Возможно и другое объяснение: эти ленты могут быть остатками вожжей. Когда дети делали первые в жизни шаги, их водили на привязи, как лошадей в узде. А пока они были грудными, их подвешивали к стене, чтобы уберечь от крыс и чтобы им было теплее, поскольку тепло от очага, топившегося в общей комнате, струилось вверх. Уходя на работу, младенца в люльке подвешивали к потолку. Итак, ленты в XVII веке могли быть остатками детских лямок или помочей из предшествующей эпохи. Ребенок в них больше не нуждается, но лента – это знак того, что он еще имеет право регрессировать, как если бы в представлении взрослого он еще не до конца расстался с платьицем младенца, снабженным шнурками, вожжами, поводком.

Впрочем, и сегодня продаются вожжи для детей, чтобы водить их по универсальным магазинам или по улицам. Считается, что там полным-полно опасностей. Вот детей и припрягают к родителям!
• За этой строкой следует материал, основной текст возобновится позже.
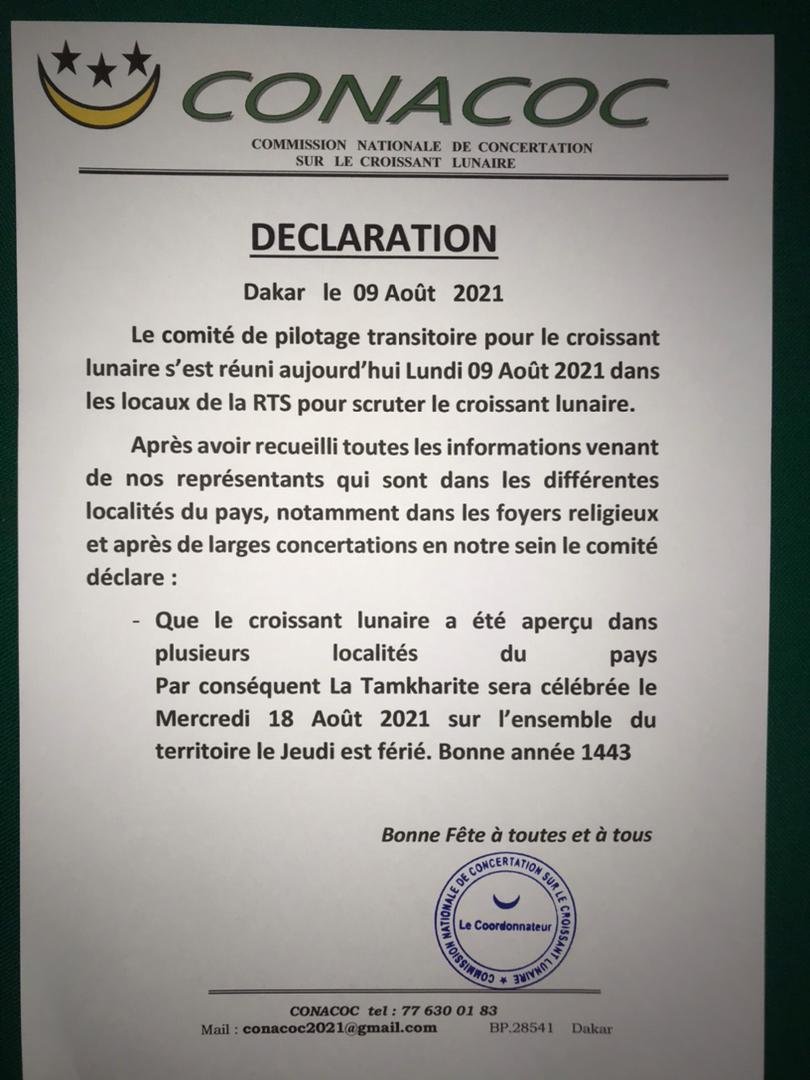 بسم الله الرحمان الرحيم، الحمد لله،والصلاة والسلام على رسول الله،وآله وصحبه ومن والاه، سبحانك لا علم لنا الا ما علمتنا انك انت العليم الحكيم. لقد اجتمع أعضاء اللجنة الوطنية للتشاور حول الاهلة،كالمعتاد،في دار الاذاعة والتلفزة الوطنية السنغالية،RTS،لمراقبة هلال محرم الحرام،في الديار السنغالية،وبعد التحري والتمحيص والاستقصاء والبحث والمراقبة الكثيفة والدقيقة والشاملة من قبل اعضاءها وسائر المهتمين بشأن الهلال في البلاد،تبين على ان الهلال لاح وبان وظهر في كل من منطقة “بدور”بالضبط مدينة چانتبي،واقليم”سام لوي”بالضبط في مسجد “الانصار”ومسجد الشيخ ماجور سيسي،وكذلك في اقليم كفرين..وبناء على هذه الاخبار المتبينة والصحيحة لدينا،اكدت اللجنة وصححت هذه الاخبار طبقا لشروط الشريعة الإسلامية في ذلك،وعليه فان اللجنة تعلن ما يلي: _اليوم الاول لشهر محرم الحرام هو يوم الثلاثاء الموافق 10غشت،آب،2021،وليلة عاشوراء سيوافق يوم الاربعاء 9 محرم1443هجرية،الموافق18 غشت2021 ميلادية،ويوم عاشوراء الخميس الموالي 10 محرم1443هجرية،وسيكون عيدا وطنيا،واللجنة إذ تزف اليكم هذه البشرى فإنما تدعو الباري جل وعلا ان يجعل هذا العام الهجري عام رفاهية وازدهار على الأمة الإسلامية قاطبة وعلى الشعب السنغالي بصفة خاصة،وما ذلك على الله بعزيز، انه ولي ذلك و القادر عليه،وصلى الله وسلم وبارك على سيدنا محمد وآله وصحبه اجمعين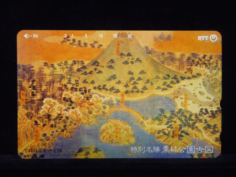 - テレカ 50度 特別名勝 栗林公園古図 偃月橋 イラスト 未使用 T-2348

Со Средневековья и до эпохи классицизма тело ребенка воистину заточено, спрятано; публично его обнажают только для того, чтобы высечь, побить. Вероятно, это было огромным унижением, так как обнажались именно те части тела, которые полагалось прятать. Когда итальянские или фламандские художники изображают голого ребенка, это всегда ангелочек; его используют в качестве символа. Но мало-помалу Эрос входит в силу… Официально, для церкви, обнаженное дитя остается символом, на самом деле – художники дают себе волю, и тут появляется чувственность, которая вот-вот вырвется на свободу, по крайней мере в иконографии, если не в действительности: ведь детям приходилось позировать перед художниками, и это был единственный случай, когда на ребенка смотрели, любуясь им, восхищались – именно его наготой. В литературе это не описано, однако отрывок из мадам де Севинье, тот, где она говорит о своей внучке, передает нам эротизацию детского тела: «Какое это чудо, надо видеть, как она шевелит пальчиками, как трепещет ее носик…», «…Цвет лица, шейка и все тельце восхитительны. Она делает уйму всяких штук, ласкает, бьет, крестится, просит прощения, кланяется, целует руку, пожимает плечами, танцует, подольщается, важничает: словом, так мила во всех отношениях. Я забавляюсь ею часы напролет». Возьмем письмо мадам де Севинье от 20 мая 1672 года, посвященное ее «душеньке». Она рассыпает восторги по поводу голого тельца девочки. Но очень скоро замечаешь, что для нее это не более чем игрушка. 30 мая 1677 года вновь по поводу внучки она пишет мадам де Гриньян: «Мне кажется, Полина достойна быть Вашей игрушкой». Бабушка испытывает чувственное, сладострастное наслаждение, но у нее нет ощущения, что девочка – живое существо, человек, с которым она вступает в общение.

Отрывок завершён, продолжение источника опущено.